RAW DATA section start
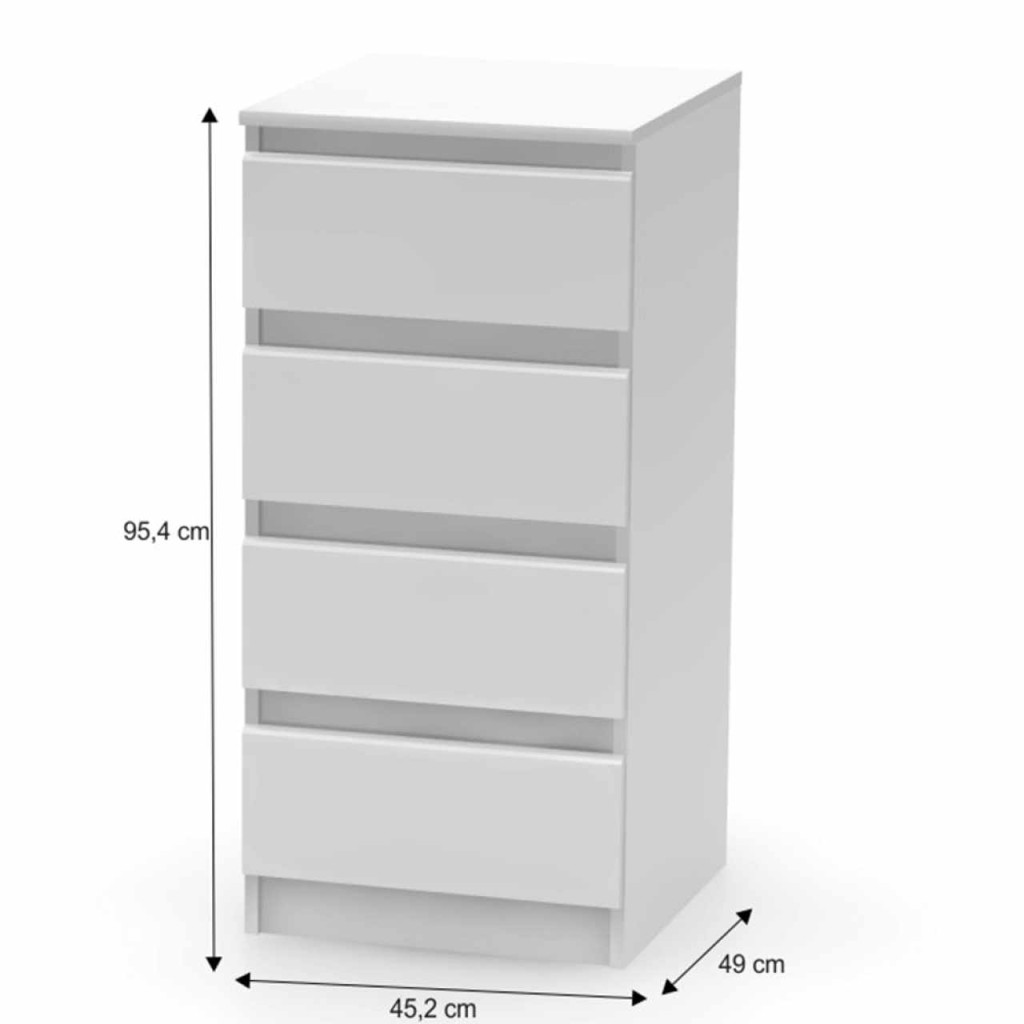 4 fiókos komód HANY NEW 009 Anyag: laminált DTD Színe: fehér Méretek (SzéxMéxMa): 45,2x49x95,4 cm Minőségi szlovák termék. ABS élek Szállítás szétszerelve.
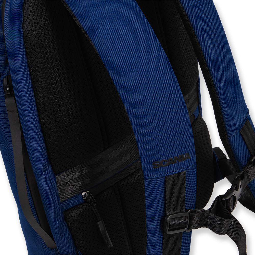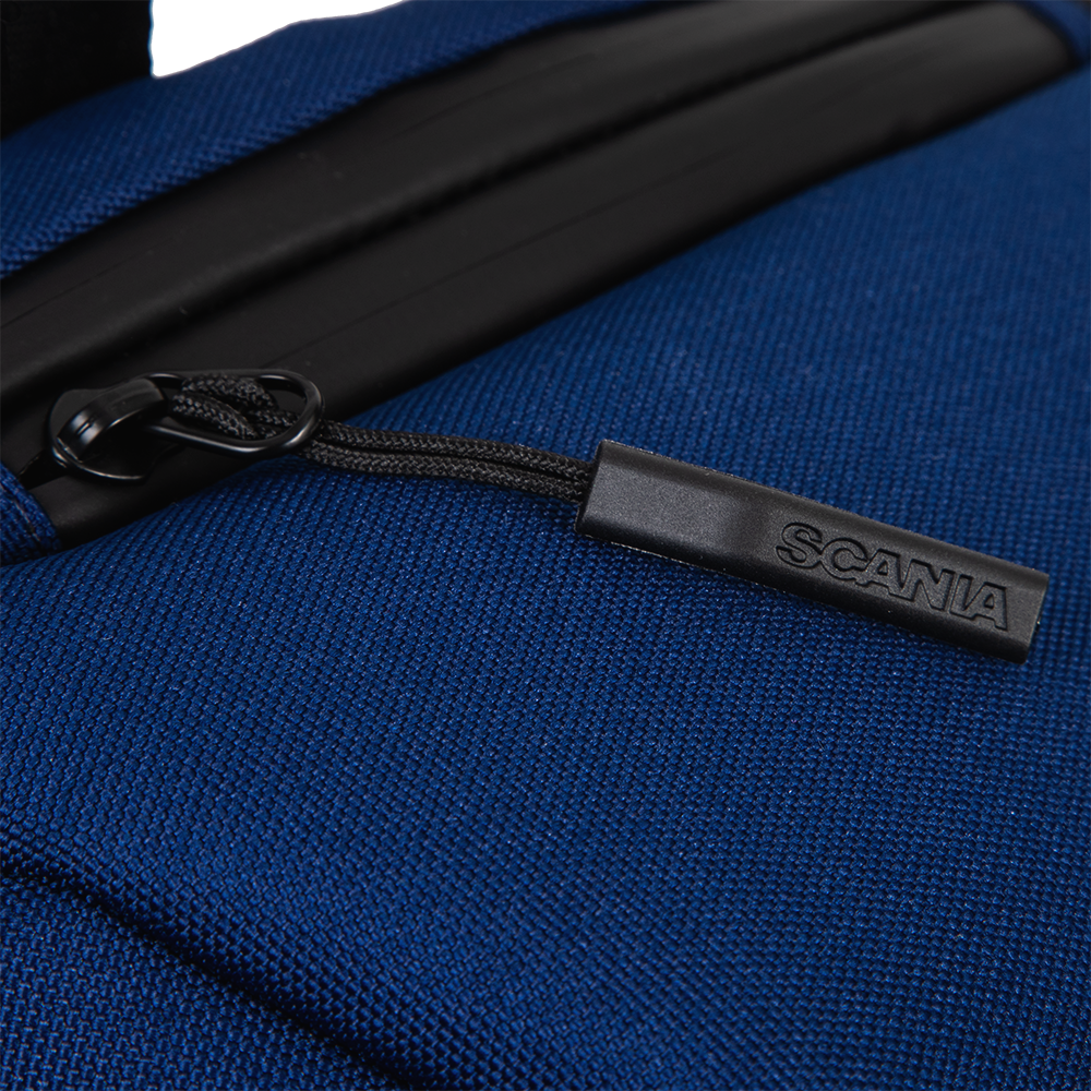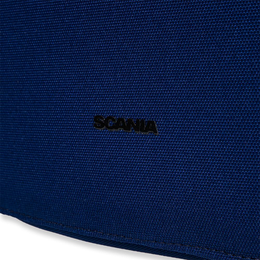 Details: This Scania blue backpack features adjustable straps, a black top handle and black inside lining and mesh compartment. The front of the backpack contains a large zipped pocket and encorporates a unique flap over the top with two strong maegnetic clips to the side. In the back, there is a zipped compartment suitable for storing tablets and other work items. The Scania wordmark in black 3D silk print is also featured on the bottom front centre of the backpack, the right shoulder strap and inside lining tablet pocket. Scania branded zippers in tonal black. Magnetic clips on front flap. Trolley strap. Scania wordmark printed on inside lining tablet pocket.
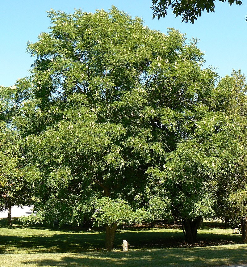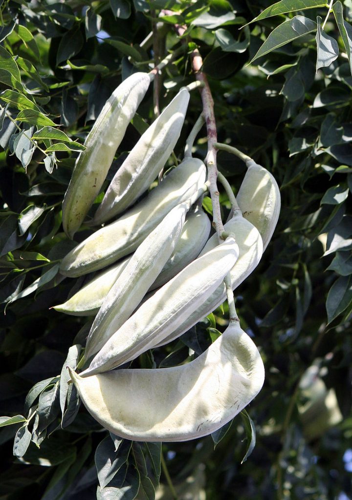 This tall deciduous tree earned its common name from the fact that early American settlers made a beverage from its roasted and ground seeds. Unroasted pods and seeds, however, are toxic. Kentucky Coffee tree is native to the rich moist woods of eastern and Midwestern United States but is planted across the country as an urban shade tree because of its tolerance to drought and pollution as well as its ability to adapt to a large range of soil conditions. It is not related to Coffea arabica, the popular coffee beverage, but is a member of the bean family, Fabaceae, that also includes peas, lupines, and mimosa. The trees grow up to 80′ tall and have several large branches that end in contorted, stout twigs. The bark is rough, scaly, gray-brown and may have irregular furrows and plates with curling sides. Leaves appear late in spring with a touch of pink and gradually turn blue-green in summer, then variable yellow in fall. Each bi-pinnately compound leaf is up to three feet long and two feet wide, bearing up to one hundred small leaflets. In mid to late spring, male trees bear flowers in panicles three to four inches long while female trees bear clusters of greenish white flowers in panicles eight to twelve inches long. The flowers on the female trees give way to brownish black seed pods five to ten inches long and containing several large seeds. The seedpods and large leaves can be considered a liability and male trees are preferred to female to reduce the litter. In spite of the litter problem, Kentucky Coffee tree is a handsome plant and desirable for a lawn and shade tree. It is especially attractive in winter when its branching habit creates a bold silhouette and its rough furrowed bark can be appreciated. The genus name, Gymnocladus, comes from Greek words γυμνός (gumnós) meaning naked, and κλάδος (kládos), meaning a branch, and refers to the branches that are bare many months of the winter. The specific epithet, dioica, comes from the Greek words dis meaning twice, and oikos meaning house, and refers to male and female reproductive structures being on different plants. PhotoCredit MONGO Wikipedia
RAW DATA section end
_PROBLEM STATEMENT:_ The output should be the material above, copied exactly, without its pictures.

_WRITTEN ANSWER:_
 4 fiókos komód HANY NEW 009 Anyag: laminált DTD Színe: fehér Méretek (SzéxMéxMa): 45,2x49x95,4 cm Minőségi szlovák termék. ABS élek Szállítás szétszerelve.
 Details: This Scania blue backpack features adjustable straps, a black top handle and black inside lining and mesh compartment. The front of the backpack contains a large zipped pocket and encorporates a unique flap over the top with two strong maegnetic clips to the side. In the back, there is a zipped compartment suitable for storing tablets and other work items. The Scania wordmark in black 3D silk print is also featured on the bottom front centre of the backpack, the right shoulder strap and inside lining tablet pocket. Scania branded zippers in tonal black. Magnetic clips on front flap. Trolley strap. Scania wordmark printed on inside lining tablet pocket.
 This tall deciduous tree earned its common name from the fact that early American settlers made a beverage from its roasted and ground seeds. Unroasted pods and seeds, however, are toxic. Kentucky Coffee tree is native to the rich moist woods of eastern and Midwestern United States but is planted across the country as an urban shade tree because of its tolerance to drought and pollution as well as its ability to adapt to a large range of soil conditions. It is not related to Coffea arabica, the popular coffee beverage, but is a member of the bean family, Fabaceae, that also includes peas, lupines, and mimosa. The trees grow up to 80′ tall and have several large branches that end in contorted, stout twigs. The bark is rough, scaly, gray-brown and may have irregular furrows and plates with curling sides. Leaves appear late in spring with a touch of pink and gradually turn blue-green in summer, then variable yellow in fall. Each bi-pinnately compound leaf is up to three feet long and two feet wide, bearing up to one hundred small leaflets. In mid to late spring, male trees bear flowers in panicles three to four inches long while female trees bear clusters of greenish white flowers in panicles eight to twelve inches long. The flowers on the female trees give way to brownish black seed pods five to ten inches long and containing several large seeds. The seedpods and large leaves can be considered a liability and male trees are preferred to female to reduce the litter. In spite of the litter problem, Kentucky Coffee tree is a handsome plant and desirable for a lawn and shade tree. It is especially attractive in winter when its branching habit creates a bold silhouette and its rough furrowed bark can be appreciated. The genus name, Gymnocladus, comes from Greek words γυμνός (gumnós) meaning naked, and κλάδος (kládos), meaning a branch, and refers to the branches that are bare many months of the winter. The specific epithet, dioica, comes from the Greek words dis meaning twice, and oikos meaning house, and refers to male and female reproductive structures being on different plants. PhotoCredit MONGO Wikipedia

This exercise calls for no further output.